用CCS9.0导入TI提供的CAN驱动库，每隔1秒钟发送一个CAN信息：

波特率：500 kb/s
ID(Normal): 0x220
信息长度：4 bytes
数据：0x12, 0x34, 0x56, 0x78

1 int main(void)
2 {
3 tCANMsgObject sCANMessage;
4 unsigned char ucMsgData[4];
5
6 //
7 // Set the clocking to run directly from the external crystal/oscillator.
8 // TODO: The SYSCTL_XTAL_ value must be changed to match the value of the
9 // crystal on your board.
10 //
11 SysCtlClockSet(SYSCTL_SYSDIV_2_5 | SYSCTL_USE_PLL | SYSCTL_OSC_MAIN |
12 SYSCTL_XTAL_16MHZ);
13
14 //
15 // Set up the serial console to use for displaying messages. This is
16 // just for this example program and is not needed for CAN operation.
17 //
18 InitConsole();
19
20 //
21 // For this example CAN0 is used with RX and TX pins on port D0 and D1.
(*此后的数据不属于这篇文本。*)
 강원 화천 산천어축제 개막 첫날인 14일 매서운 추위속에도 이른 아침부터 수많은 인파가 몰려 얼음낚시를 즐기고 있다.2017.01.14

22 // The actual port and pins used may be different on your part, consult
23 // the data sheet for more information.
24 // GPIO port D needs to be enabled so these pins can be used.
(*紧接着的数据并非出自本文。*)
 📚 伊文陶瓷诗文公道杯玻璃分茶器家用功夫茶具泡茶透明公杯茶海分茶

25 // TODO: change this to whichever GPIO port you are using
26 //
27 SysCtlPeripheralEnable(SYSCTL_PERIPH_GPIOE);
28
29 //
30 // Configure the GPIO pin muxing to select CAN0 functions for these pins.
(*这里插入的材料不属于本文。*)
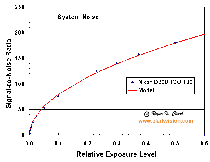 The signal-to-noise ratio as a function of intensity is shown in Figure 2. If the sensor is photon noise limited, the trend in this ratio is a square root dependence. If the system is photon noise limited, the signal-to-noise ratio squared directly equals the number of photons collected without needing gain conversions, or computing the slope of a line. The fact that the model matches the data very well indicates there are no other sources of noise contributing to the data at any significant level. Thus, for high signal levels, the Nikon D200 is photon noise limited. This means further improvements in electronics will not improve the signal-to-noise ratio for high signal levels. If the quantum efficiency were improved with a different sensor, that would certainly improve the signal-to-noise ratio.

31 // This step selects which alternate function is available for these pins.
32 // This is necessary if your part supports GPIO pin function muxing.
33 // Consult the data sheet to see which functions are allocated per pin.
34 // TODO: change this to select the port/pin you are using
35 //
36 GPIOPinConfigure(GPIO_PE4_CAN0RX);
37 GPIOPinConfigure(GPIO_PE5_CAN0TX);
38
39 //
40 // Enable the alternate function on the GPIO pins. The above step selects
41 // which alternate function is available. This step actually enables the
42 // alternate function instead of GPIO for these pins.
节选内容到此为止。